Finanzierung über Abonnements für Insider
"Politico" habe nach Brüssel expandieren wollen. Der Axel-Springer-Konzern habe sich Journalismus im Stil von "Politico" in Brüssel gewünscht. Und sie selbst hatte die Wochenzeitung namens "European Voice" gekauft, um sie nach dem Vorbild von "Politico" zu schmieden. Aus diesem Trio mit ein und derselben Idee entstand dann das Gemeinschaftsunternehmen "Politico Europe".
Unter dem Strich bringt diese Idee noch kein Geld ein. 2019, im vierten Geschäftsjahr, soll "Politico Europe" erstmals kostendeckend arbeiten und beginnen, profitabel zu werden. Zurzeit kommen die Einnahmen aus der Werbung, den Veranstaltungen und zur Hälfte aus "Politico Pro". Das sind die Bezahl-Abos, die im Schnitt mindestens 7.000 Euro pro Jahr kosten. Mindestens.
Anonyme Kritik an Geschäftsmodell und Redaktion
"Wir haben zur Zeit rund 700 Organisationen, die Politico Pro abonniert haben", berichtet die Geschäftsführerin. Darunter sind große Unternehmen und auch EU-Parlament, EU-Kommission und EU-Rat.
Es gibt durchaus Journalisten-Kollegen in Brüssel, die sich kritisch äußern - zumindest anonym. Ein Kritikpunkt ist, dass "Politico"-Exklusiv-Infos zum Teil nur an seine Abonnenten weitergibt. Informiert werde dann nicht die breite Öffentlichkeit, sondern nur ein elitärer Kreis von Unternehmen und Organisationen, die sich die teuren Abos auch leisten können.

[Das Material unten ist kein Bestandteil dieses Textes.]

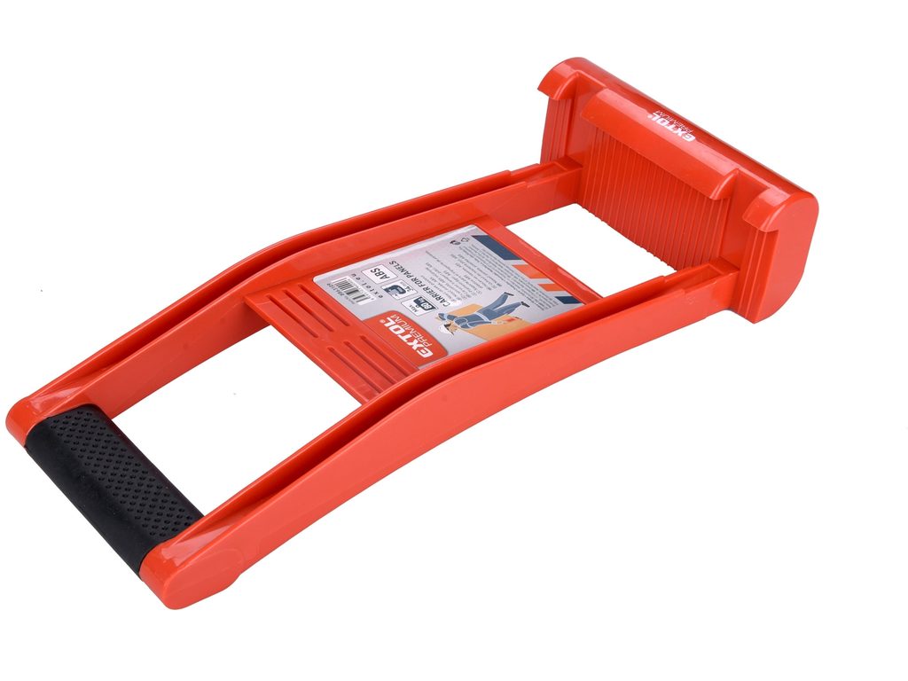 Nosič dosiek EXTOL PREMIUM 8863109 je šikovný pomocník, ktorý výrazne uľahčí manipuláciu s doskovými materiálmi, ako sú sásky preglejky. Vyrobený je z odolného plastu, takže je ľahký, ale zároveň dostatočne pevný, aby zvládol aj vyššiu záťaž.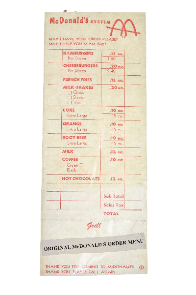 This wonderfully preserved unused order slip settles the question of how much was the original price of McDonald's food items was when they started in business.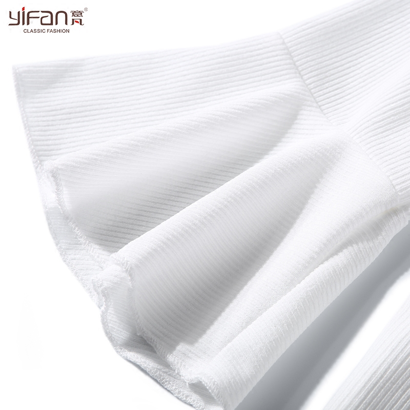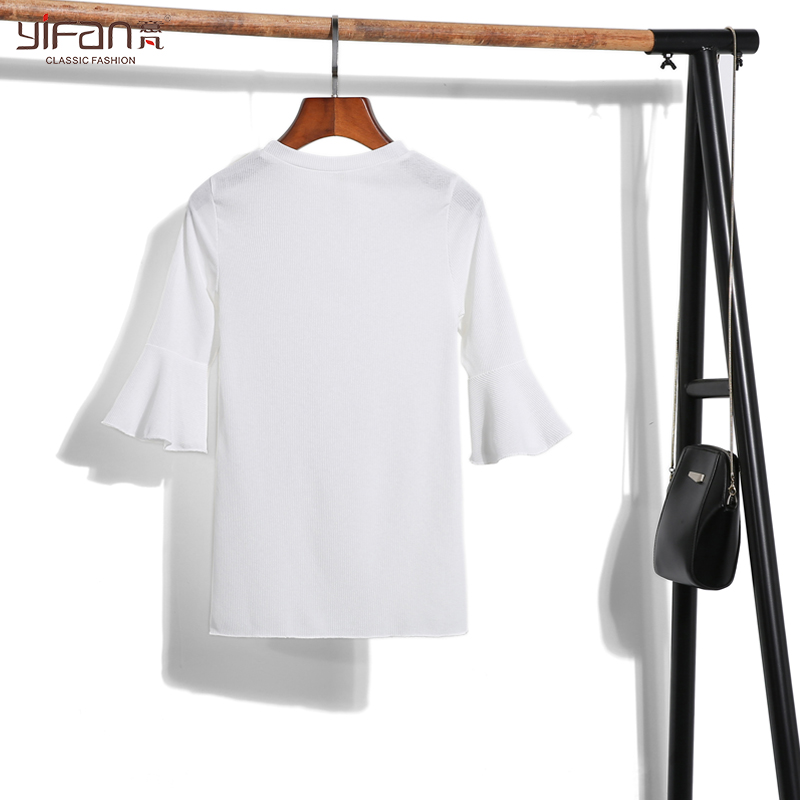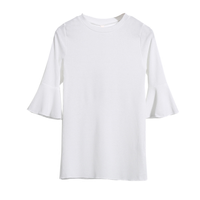夏季七分袖女T恤喇叭袖上衣修身短款白色圓領打底衫韓版荷葉邊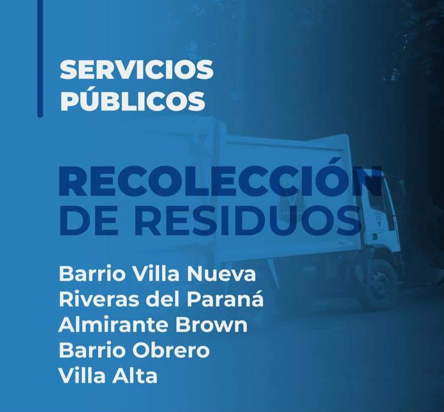 Desde la Municipalidad a través de la Dirección Municipal de Servicios Públicos informan que a partir de mañana, por desperfectos técnicos, los vehículos recolectores de basura no estarán realizando el recorrido regular en los siguientes Barrios:

Der andere Kritikpunkt: "Politico" lasse sich von der EU-Kommission instrumentalisieren. "Politico", das Sprachrohr der Kommission, heißt es. Denn viele Exklusiv-Infos aus Kommissionskreisen würden auffällig oft bei "Politico" landen und nicht bei anderen Medien, so der Vorwurf.
Redaktion aus 60 Journalisten
Diese Kritik überrascht Semsar-de Boisséson: "Das höre ich zum ersten Mal." Auch Florian Eder, der in Brüssel sehr gut vernetzt ist, hat diese Kritik noch nie persönlich gehört. Warum die Scoops in Brüssel ausgerechnet bei "Politico" landen - dafür hat seine Kollegin Semsar-de Boisseson eine Erklärung, die logisch und selbstbewusst klingt:
"Wir haben die Scoops, weil wir eine Menge Leute vor Ort haben. Ich glaube, das ist einfach eine Frage der Zahlen."
"Politico" habe einen Vorteil, den viele andere ausländische Redaktionen nicht haben: Man beschäftige nicht zwei, drei Korrespondenten, sondern 60 Journalisten in Brüssel. Und deren erste Aufgabe sei es nun mal, Scoops zu landen - auch im Auftrag der zahlenden Abonnenten.
"Wir werben damit, dass unsere Abonnenten als erste infomiert sind", unterstreicht die Geschäftsführerin.
Und da schließt sich der Kreis zum kostenlosen Newsletter von Florian Eder und zur Interview-Veranstaltung an diesem Morgen. Das alles soll natürlich ein Schaufenster sein, für die Arbeit von 60 "Politico"-Journalisten in Brüssel - und die lässt sich größtenteils nur mit Abos finanzieren.
In Washington hat dieses Modell schon mal geklappt. In Brüssel muss sich "Politico Europe" weiter beweisen - finanziell und journalistisch.